A Guide To Enjoying The Carson Palmer Renaissance
Carson Palmer has endured a pair of wrecked knees, a disastrous stint in Oakland, and all manner of bad luck. At 36, he's playing better than he ever has.
Photo by Mark J. Rebilas-USA TODAY Sports
The Green Bay Packers came after Carson Palmer hard on the first play from scrimmage in last Sunday's NFC's Divisional Round game. If momentum exists in NFL games, the Packers must have thought they had it—Aaron Rodgers had just thrown a shocking hail-mary touchdown to set up overtime, which is the sort of play that the more mystically inclined NFL fans see as a heartbreaker.
On that first play of overtime, Carson Palmer evaded the Green Bay blitz long enough to complete a 75-yard catch-and-run to Larry Fitzgerald, which set up a game-winning touchdown two plays later. The key to the play was a nifty spin move from the 36-year-old quarterback to elude linebacker Mike Neal. When Palmer was asked about it, for the team website's weekly "Film Room" breakdown, his explanation was honest, if not particularly substantive.
"I don't know where that came from," he said. "But I'm glad it happened."
The same phrase could very easily be applied to Carson Palmer's 2015 season. A quarterback is not supposed to do the best work of his career in his 12th season. He is not expected to lead the league in DVOA, and by a wide margin, after returning from a torn ACL in his mid-thirties. He is not counted upon to make the leap to bonafide MVP candidate, at a time when many of his peers are struggling just to stay on the field.

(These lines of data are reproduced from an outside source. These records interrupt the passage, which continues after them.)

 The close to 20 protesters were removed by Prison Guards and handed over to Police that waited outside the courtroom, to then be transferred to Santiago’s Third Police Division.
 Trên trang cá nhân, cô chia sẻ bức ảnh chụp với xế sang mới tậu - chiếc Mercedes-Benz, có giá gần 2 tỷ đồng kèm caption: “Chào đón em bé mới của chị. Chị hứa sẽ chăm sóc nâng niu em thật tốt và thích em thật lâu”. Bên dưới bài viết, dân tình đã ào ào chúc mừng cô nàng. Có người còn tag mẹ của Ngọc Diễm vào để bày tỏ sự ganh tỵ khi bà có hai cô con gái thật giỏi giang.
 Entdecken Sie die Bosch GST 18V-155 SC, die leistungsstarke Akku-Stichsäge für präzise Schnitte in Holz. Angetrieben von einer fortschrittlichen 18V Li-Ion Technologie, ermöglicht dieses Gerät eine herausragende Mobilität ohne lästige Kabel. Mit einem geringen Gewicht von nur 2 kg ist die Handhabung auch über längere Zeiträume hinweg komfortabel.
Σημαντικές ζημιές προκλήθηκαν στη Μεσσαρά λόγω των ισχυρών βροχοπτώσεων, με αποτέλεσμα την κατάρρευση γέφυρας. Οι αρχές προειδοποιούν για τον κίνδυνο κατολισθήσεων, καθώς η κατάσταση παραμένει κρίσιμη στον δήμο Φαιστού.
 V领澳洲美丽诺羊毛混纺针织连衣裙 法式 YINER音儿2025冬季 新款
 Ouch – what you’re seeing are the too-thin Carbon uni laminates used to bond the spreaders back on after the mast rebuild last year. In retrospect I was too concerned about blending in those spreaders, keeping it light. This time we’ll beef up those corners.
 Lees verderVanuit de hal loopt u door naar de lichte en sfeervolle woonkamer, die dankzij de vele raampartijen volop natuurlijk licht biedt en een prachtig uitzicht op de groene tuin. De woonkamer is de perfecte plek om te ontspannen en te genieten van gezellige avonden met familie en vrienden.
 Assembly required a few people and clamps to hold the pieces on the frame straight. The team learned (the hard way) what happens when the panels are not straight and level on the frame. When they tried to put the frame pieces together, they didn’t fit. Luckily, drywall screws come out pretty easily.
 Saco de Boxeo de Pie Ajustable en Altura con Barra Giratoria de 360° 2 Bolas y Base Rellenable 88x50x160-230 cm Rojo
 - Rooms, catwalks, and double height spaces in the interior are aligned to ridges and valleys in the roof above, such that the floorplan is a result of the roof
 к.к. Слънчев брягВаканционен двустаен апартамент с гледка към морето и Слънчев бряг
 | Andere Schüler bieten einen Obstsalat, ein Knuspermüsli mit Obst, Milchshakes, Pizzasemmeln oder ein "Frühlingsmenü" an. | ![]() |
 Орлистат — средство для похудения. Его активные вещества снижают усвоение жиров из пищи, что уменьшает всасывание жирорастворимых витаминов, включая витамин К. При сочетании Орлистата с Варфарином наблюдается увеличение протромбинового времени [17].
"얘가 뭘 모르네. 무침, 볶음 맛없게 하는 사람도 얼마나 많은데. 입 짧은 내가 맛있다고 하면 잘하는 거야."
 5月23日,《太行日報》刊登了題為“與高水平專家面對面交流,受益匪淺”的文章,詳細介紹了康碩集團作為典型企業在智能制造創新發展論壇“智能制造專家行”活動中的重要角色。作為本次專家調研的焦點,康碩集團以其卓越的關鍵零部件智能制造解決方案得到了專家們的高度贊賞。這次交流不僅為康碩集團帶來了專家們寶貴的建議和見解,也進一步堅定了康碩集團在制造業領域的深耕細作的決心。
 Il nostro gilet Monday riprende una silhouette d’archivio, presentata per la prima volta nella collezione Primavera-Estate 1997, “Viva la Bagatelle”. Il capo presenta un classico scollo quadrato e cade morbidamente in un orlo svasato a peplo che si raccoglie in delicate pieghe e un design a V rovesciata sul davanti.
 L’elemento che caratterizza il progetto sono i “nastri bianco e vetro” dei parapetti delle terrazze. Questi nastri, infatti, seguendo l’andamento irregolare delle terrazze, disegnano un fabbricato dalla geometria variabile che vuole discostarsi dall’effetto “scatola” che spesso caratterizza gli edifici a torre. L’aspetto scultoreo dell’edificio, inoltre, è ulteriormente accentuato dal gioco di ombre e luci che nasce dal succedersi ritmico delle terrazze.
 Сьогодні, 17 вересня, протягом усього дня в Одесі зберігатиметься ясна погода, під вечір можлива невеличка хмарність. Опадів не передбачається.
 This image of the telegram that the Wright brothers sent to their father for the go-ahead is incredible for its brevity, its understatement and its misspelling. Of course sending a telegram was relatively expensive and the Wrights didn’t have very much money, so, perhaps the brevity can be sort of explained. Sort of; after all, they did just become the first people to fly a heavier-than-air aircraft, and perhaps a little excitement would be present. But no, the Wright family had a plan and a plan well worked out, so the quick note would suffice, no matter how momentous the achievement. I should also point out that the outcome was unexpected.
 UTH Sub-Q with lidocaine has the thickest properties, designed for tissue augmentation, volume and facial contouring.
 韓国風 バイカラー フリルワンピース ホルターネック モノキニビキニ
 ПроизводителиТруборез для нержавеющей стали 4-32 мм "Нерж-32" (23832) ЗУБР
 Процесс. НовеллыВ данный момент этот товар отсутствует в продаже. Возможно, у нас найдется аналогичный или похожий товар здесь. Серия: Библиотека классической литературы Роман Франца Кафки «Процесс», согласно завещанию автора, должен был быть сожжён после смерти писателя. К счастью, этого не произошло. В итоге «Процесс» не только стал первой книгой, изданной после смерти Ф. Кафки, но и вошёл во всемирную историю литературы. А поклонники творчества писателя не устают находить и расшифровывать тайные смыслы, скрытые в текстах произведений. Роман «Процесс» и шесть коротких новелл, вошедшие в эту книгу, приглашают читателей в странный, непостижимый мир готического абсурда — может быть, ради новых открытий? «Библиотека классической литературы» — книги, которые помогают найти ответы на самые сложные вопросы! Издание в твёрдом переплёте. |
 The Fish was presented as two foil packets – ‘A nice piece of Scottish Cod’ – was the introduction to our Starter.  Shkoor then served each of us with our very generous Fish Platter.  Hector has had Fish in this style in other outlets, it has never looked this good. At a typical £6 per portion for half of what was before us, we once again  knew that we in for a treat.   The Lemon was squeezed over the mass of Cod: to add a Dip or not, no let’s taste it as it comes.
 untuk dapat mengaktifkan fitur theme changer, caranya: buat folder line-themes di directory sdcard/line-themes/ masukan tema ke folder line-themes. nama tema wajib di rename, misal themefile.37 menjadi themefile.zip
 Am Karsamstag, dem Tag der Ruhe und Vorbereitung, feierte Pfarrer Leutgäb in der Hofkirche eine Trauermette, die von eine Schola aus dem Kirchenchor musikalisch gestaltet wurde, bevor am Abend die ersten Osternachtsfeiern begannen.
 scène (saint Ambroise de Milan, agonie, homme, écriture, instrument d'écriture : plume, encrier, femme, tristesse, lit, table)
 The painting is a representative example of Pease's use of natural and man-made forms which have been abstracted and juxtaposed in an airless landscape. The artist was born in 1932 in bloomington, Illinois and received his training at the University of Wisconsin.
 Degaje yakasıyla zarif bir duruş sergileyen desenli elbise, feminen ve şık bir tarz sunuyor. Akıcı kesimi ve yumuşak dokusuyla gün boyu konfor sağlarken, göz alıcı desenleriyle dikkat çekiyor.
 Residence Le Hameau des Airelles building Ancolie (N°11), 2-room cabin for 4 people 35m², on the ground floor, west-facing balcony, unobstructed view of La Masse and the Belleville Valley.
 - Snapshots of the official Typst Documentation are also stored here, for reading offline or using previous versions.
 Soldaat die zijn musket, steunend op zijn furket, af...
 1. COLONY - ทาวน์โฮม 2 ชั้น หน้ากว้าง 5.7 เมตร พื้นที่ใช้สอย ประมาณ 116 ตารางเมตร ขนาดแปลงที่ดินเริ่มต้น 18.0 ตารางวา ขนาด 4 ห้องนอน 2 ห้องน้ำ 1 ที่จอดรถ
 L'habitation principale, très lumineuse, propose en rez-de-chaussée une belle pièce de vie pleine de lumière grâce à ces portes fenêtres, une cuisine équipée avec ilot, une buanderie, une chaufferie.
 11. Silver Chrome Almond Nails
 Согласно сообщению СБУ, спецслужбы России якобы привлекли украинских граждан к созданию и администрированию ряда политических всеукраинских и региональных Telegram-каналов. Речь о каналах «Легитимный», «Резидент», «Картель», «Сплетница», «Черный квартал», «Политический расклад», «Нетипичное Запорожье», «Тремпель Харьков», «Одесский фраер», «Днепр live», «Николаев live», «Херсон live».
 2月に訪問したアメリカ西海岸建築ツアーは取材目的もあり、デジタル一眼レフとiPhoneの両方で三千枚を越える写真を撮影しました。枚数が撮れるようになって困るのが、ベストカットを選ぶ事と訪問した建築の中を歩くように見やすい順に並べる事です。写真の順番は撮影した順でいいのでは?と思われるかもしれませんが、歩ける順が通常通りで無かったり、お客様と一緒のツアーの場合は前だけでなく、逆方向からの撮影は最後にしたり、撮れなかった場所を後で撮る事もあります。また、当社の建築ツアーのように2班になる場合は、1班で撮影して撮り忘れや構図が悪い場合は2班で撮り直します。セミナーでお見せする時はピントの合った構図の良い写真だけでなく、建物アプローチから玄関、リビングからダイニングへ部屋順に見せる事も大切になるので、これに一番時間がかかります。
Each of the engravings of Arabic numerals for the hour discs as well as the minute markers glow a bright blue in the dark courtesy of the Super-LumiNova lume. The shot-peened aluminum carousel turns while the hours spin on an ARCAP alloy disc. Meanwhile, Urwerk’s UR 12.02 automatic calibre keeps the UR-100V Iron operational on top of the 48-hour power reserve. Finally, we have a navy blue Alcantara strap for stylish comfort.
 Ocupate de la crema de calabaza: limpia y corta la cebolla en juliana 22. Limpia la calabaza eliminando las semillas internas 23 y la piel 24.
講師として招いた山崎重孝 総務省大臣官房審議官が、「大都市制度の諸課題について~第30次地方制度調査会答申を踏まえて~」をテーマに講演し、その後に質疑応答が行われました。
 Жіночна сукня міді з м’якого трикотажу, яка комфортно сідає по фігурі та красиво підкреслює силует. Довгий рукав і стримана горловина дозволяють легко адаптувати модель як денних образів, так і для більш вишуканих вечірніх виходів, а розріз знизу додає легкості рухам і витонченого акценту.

It's a season that may earn Palmer the Comeback Player of the Year award, and a story that anyone can savor, even if it's not so easily understood.
Which isn't to say that people aren't trying to understand it. Bleacher Report's ace tape-watcher Cian Fahey diagramed Palmer's uncanny ability to recognize pressure, move just well enough to find small pockets in the defense, and deliver the ball in perfect harmony with his receiver's routes back in November. Though Palmer will probably never dazzle with his downfield running ability, he is just athletic and sturdy enough to evade punishment and allow his receivers time to go to work, even with that rebuilt knee.
Of course, having the right receivers helps. According to figures at NFLSavant.com, passes to Larry Fitzgerald, who enjoyed a renaissance season after moving into the slot, have been completed 71.43% of the time, the highest percentage for any wideout in the league who's been targeted 100 times or more. (He was targeted 154 times this season, good for 10th among all wideouts.) Fitzgerald, who coincidentally entered the league the same year as Palmer, may not have the same explosiveness he once possessed—working out of the slot, Fitzgerald had a career low of 11.1 yards per reception this year—but his legendary hands have never betrayed him, and Palmer relied on him; Fitzgerald had a career high 109 catches this season.
And while Fitzgerald has remade himself into an ace slot receiver, Michael Floyd and John Brown were consistent downfield options; both ranked in the top-20 in the league in yards per reception. Rookie burner J.J. Nelson, who did not have enough targets to qualify for the leaderboard, averaged 27.2 yards per catch. This collection of weapons enabled Palmer to complete 64.6 percent of his passes on 3rd-and-long and to lead the league with 8.51 yards per passing attempt. No quarterback does anything on his own.
Which is not the story that's going to be told about Palmer's season, because that's not how the NFL discourse works. The story, which is not an unfair or incorrect one, is instead about just how hard Palmer worked to recover from the second ACL tear of his career. He told CBS' Pete Prisco just how rabidly he attacked his rehab process, beginning just days after surgery. He spoke to NFL Network's Andrea Kramer about IVs, vitamin packs, and "flushing the bad blood" out of his system. And he explained to Sports Illustrated's Austin Murphy how he used the injury as an opportunity to rebuild his throwing mechanics and immerse himself in Bruce Arians' playbook.
It's not a new thing for athletes to speak of returning better than ever from a serious injury. But Palmer's hours in the gym and all that grueling, repetitive, monotonous work, would likely not be much talked about had the Cardinals regressed this season. The story is better when he's winning, and the story being told on Palmer's behalf is a good one—that his love for and dedication to the game carried him through, and that hard work finally unlocked the full pro potential of the man who won the Heisman trophy more than a decade ago. It's just only as true, or as compelling, as Palmer's play can make it.
The NFL's very essence is order, and structure, and routine; what can be quantified is quantified, and what can't be is understood according to a narrow script. With Palmer's late-career breakout, though, half the fun of it is not having an explanation. Two years ago Palmer was discarded and dismissed; when he was dealt to the Cardinals for a sixth round pick after a miserable season in Oakland, it seemed like a familiar career endgame was in progress.
It wasn't, of course. While we have the film and the numbers to explain his comeback, there's something to be said for letting Palmer tell the story of how, at long last, he reached the pinnacle. With a season like this one, he's earned that much. We don't need to know where it came from. We can just watch.